For $\mathbf{r}:=(r_1,\dots ,r_q)$, an r-factorization of the complete λ-fold h-uniform m-vertex hypergraph $\lambda K_m^h$ is a partition of the edges of $\lambda K_m^h$ into $F_1,\dots ,F_q$ such that each color class $F_i$ is $r_i$-regular and spanning. We prove two results on embedding factorizations. Previously, these results were only known for a few small values of h, and even then only partially. We show that for $n⩾hm$ and $\mathbf{s}:=(s_1,\dots ,s_k)$, the obvious necessary conditions that ensure that an r-factorization of $\lambda K_m^h$ can be embedded into an s-factorization of $\lambda K_n^h$ are also sufficient. This extends Cruse's theorem, Baranyai's theorem, and Häggkvist-Hellgren's theorem. A connected r-factorization is an r-factorization in which each color class is connected. For $n⩾hm$, we establish the necessary and sufficient conditions under which an r-factorization of $\lambda K_m^h$ can be embedded into a connected s-factorization of $\lambda K_n^h$. This extends Walecki's theorem, and Hilton's theorem on embedding Hamiltonian decompositions (take $\lambda =r_1=\dots =r_q=1,h=s_1=\dots =s_k=2$).

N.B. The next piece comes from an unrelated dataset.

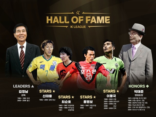 为纪念K联赛成立40周年,韩国职业足球联盟设立了K联赛名人堂,由球员(STARS)、教练(LEADERS)和杰出贡献者(HONORS)3个部分组成,计划从2023年开始,每隔两年选出名人堂成员。

为了$\mathbf{r}：=(r_1,\dots ,r_q)$, 一个完整的λ -fold h -uniform m -vertex hypergraph的r -factorization$\lambda {ķ}_{米}^H$是边缘的划分$\lambda {ķ}_{米}^H$进入$F_1,\dots ,F_q$这样每个颜色类$F_{\mathrm{一世}}$是$r_{\mathrm{一世}}$- 常规和跨越。我们证明了嵌入分解的两个结果。以前，这些结果仅对h的几个小值已知，即使这样也只是部分已知。我们证明了$n⩾H米$和$\mathbf{s}：=(s_1,\dots ,s_{ķ})$, 明显的必要条件，确保$\lambda {ķ}_{米}^H$可以嵌入到$\lambda {ķ}_n^H$也足够了。这扩展了 Cruse 定理、Baranyai 定理和 Häggkvist-Hellgren 定理。连接的r因式分解是每个颜色类都连接的 r因式分解。为了$n⩾H米$，我们建立了充分的必要条件，在该条件下，$\lambda {ķ}_{米}^H$可以嵌入到一个连通的 s因式分解中$\lambda {ķ}_n^H$. 这扩展了 Walecki 定理和 Hilton 关于嵌入哈密顿分解的定理（取$\lambda =r_1=\dots =r_q=1,H=s_1=\dots =s_{ķ}=2$）。